This is an old old story of world affairs but it proves nothing has materially changed because of things like the UN or World Bank etc.
Nigeria is the eighth largest oil exporter in the world in terms of value. The main destination areas of crude oil from Nigeria are Europe and Asia. In the second quarter of 2023, the export value of crude oil to Europe amounted to about 1.48 trillion Naira (4 Billion dollars), while exports to Asia followed with 1.2 trillion Naira
Nigeria exported $4.83B to United States. The main products that Nigeria exported to United States were Crude Petroleum ($4.02B), Refined Petroleum ($254M), and Nitrogenous Fertilizers ($227M)
Nigerians lament hardship over cost and unavailability of fuel
--Google front page
See the disparity there? The first story deftly ignored the shipments to the US.
September 2024
Nigerians have voiced their frustrations over the worsening fuel scarcity, which has significantly impacted their businesses and daily earnings. Many have resorted to buying from the black market, where prices have skyrocketed from 630 Naira to over 1,000 Naira per liter.
https://punchng.com/nigerians-lament-ha ... y-of-fuel/Population Nigeria: 218.5 million (That's a lot!)
770 Nigerian Naira is about 48 U.S. cents, so they have cheap fuel, by our standards, but they can't source what they need for daily life, supply is obviously being restricted, sent abroad to satisfy the West, it's a bidding war. 218 million, that's in the ballpark of the US population, the largest consumer per capita on the planet. Imagine if the Nigerians had all that oil and oil products to themselves, how good would be their standard of living?
That's ok, we deserve it by any measure, the World isn't a fair ground and never was. But it is a fairground in the sense if you don't have the money, you don't go on the rides. This shows how Peak Oil plays out. All around the world nations are seeing their standards of living eroded, even if they have abundant oil! The traditional colony nations are fairing the worst, but naturally Australia is an exception because it's basically all White. Africa is basically all Black and south America all whatever they are called (by skin color, by cultural heritage) So nothing changes, no wonder there are things like the BLM etc, a lot of non-whites feel hard done by, and they are
As we move further and further past the Peak of conventional cheap oil, back in 2007, things are getting tougher and tougher. People who own homes are racking up debt on their credit cards at a furious rate, they buy their daily groceries on it, get flybys, but the debt piles up and the mortgages grow for many as they "take equity out" believing they live in a magic money tree. Of course the rot had set in for America long before the Global Peak in 2008, they had peaked in 1970 and if it wasn't for the $US money shuffling that nation would be a lot worse off than it is. But Australia turned its corner in 2000 about and had to start importing refined product and oil, The UK when the North Sea petered out.

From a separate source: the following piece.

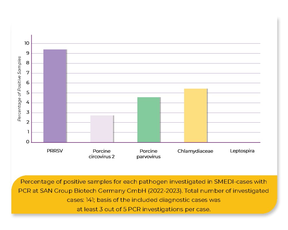 A retrospective analysis was conducted by analyzing 141 cases of submitted fetal tissue and/or placenta collected from routine diagnostics in 2022 and 2023 at SAN Group Biotech Germany GmbH. All samples had previously been screened with real-time PCR for at least three of the following pathogens: Porcine Parvovirus (PPV; 114 investigations; KYLT PPV), Porcine Reproductive and Respiratory Syndrome Virus (PRRSV; 141 investigations; LSI VetMAXTM PRRSV EU/NA), Porcine Circovirus 2 (PCV-2; 127 investigations; KYLT PCV-2), Chlamydia spp. (93 investigations; KYLT Chlamydiaceae Screening) and Leptospira spp. (118 investigations; KYLT pathogenic Leptospira).

Again, and old old story, and don't be misled by the current accounting of shale oil or Gas liquid components. That's not cheap oil, that's unborn oil that undergoes an expensive process. Neither is deep-sea oil cheap, and they add nothing to the living standards of a nation as a whole, only to the living standards of a select minority. They allow us to keep our cars and trucks running at the old price but little else. There is nothing left over to build out a nation or even maintain what we have in a proper manner. Our societies are crumbling around us but we can still drive to chick-o-fill and stuff our faces.
The only 'peak' worth considering for the common man is 2008, signaled by the biggest price spike in history and the collapse of the financial system that was quickly wheeled into the OR and brought back to life with the greatest money creation package in history. Everything since then has been a patch up job, The global economy is like an old person in a wheelchair on a drip, just waiting for their next heart attack, the last one.
The 'peak oil' story is not over by any means. Fracking was a desperate and ruinous sort of pause, which has been used to crank up demand.